Microsoft is warning that attackers can hijack AI agents through poisoned tool descriptions, the plain-text notes that tell an agent what a tool does. Because agents connect to systems through the Model Context Protocol and read these descriptions to decide how to act, an attacker who updates a trusted third-party tool can bury a hidden instruction in its description, telling the agent to quietly collect and exfiltrate data on its next task. Many setups pick up description changes without re-approval, so the poisoned version goes live silently. Each step the agent takes looks legitimate and runs with the user's own permissions, so no alarm fires.
Researchers at LayerX detailed BioShocking, an attack that manipulates AI browser agents into ignoring their safety rules by convincing them they are inside a fictional game. Using a web page with a puzzle that rewards deliberately wrong answers, the attack gets the agent to accept a false reality, after which it treats a request to open a page and copy its contents as just another step. In the demonstration, that page redirected to the victim's work GitHub repository and the agent handed over SSH credentials, treating the theft as finishing the game. None of the six AI browser agents tested flagged it as a rule violation.

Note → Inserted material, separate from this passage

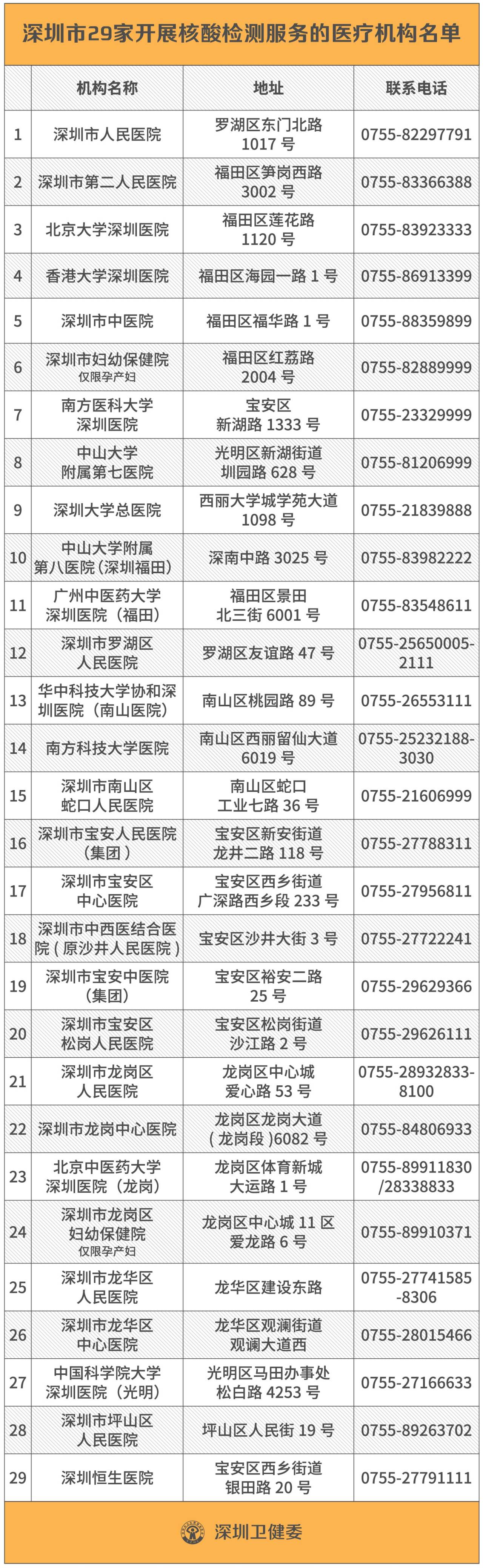 见圳客户端·深圳新闻网2020年4月9日讯(见圳客户端、深圳新闻网记者刘梦婷 通讯员深卫信)4月8日,武汉解封。但解封不等于解防,为了更好防控新冠肺炎,4月9日,深圳市卫健委公布29家面向公众开展新冠病毒核酸检测的医院名单,如果市民担心感染新冠肺炎,可前往检测。

SentinelOne detailed Gaslight, a Rust-based macOS backdoor and information stealer tied with high confidence to North Korea, whose standout trick targets the analyst rather than the sandbox. The sample embeds a block of 38 fabricated "system" messages, formatted to mimic the prompt scaffolding of an AI triage assistant, that try to make an LLM-assisted analysis tool doubt its session and abort, truncate, or refuse the analysis. Beyond that, Gaslight steals browser data, Keychain secrets, and command history, using a Telegram bot for command and control and self-redacting its bot token from its own output. It is an early example of malware built to weaponize the AI tools now common in reverse engineering.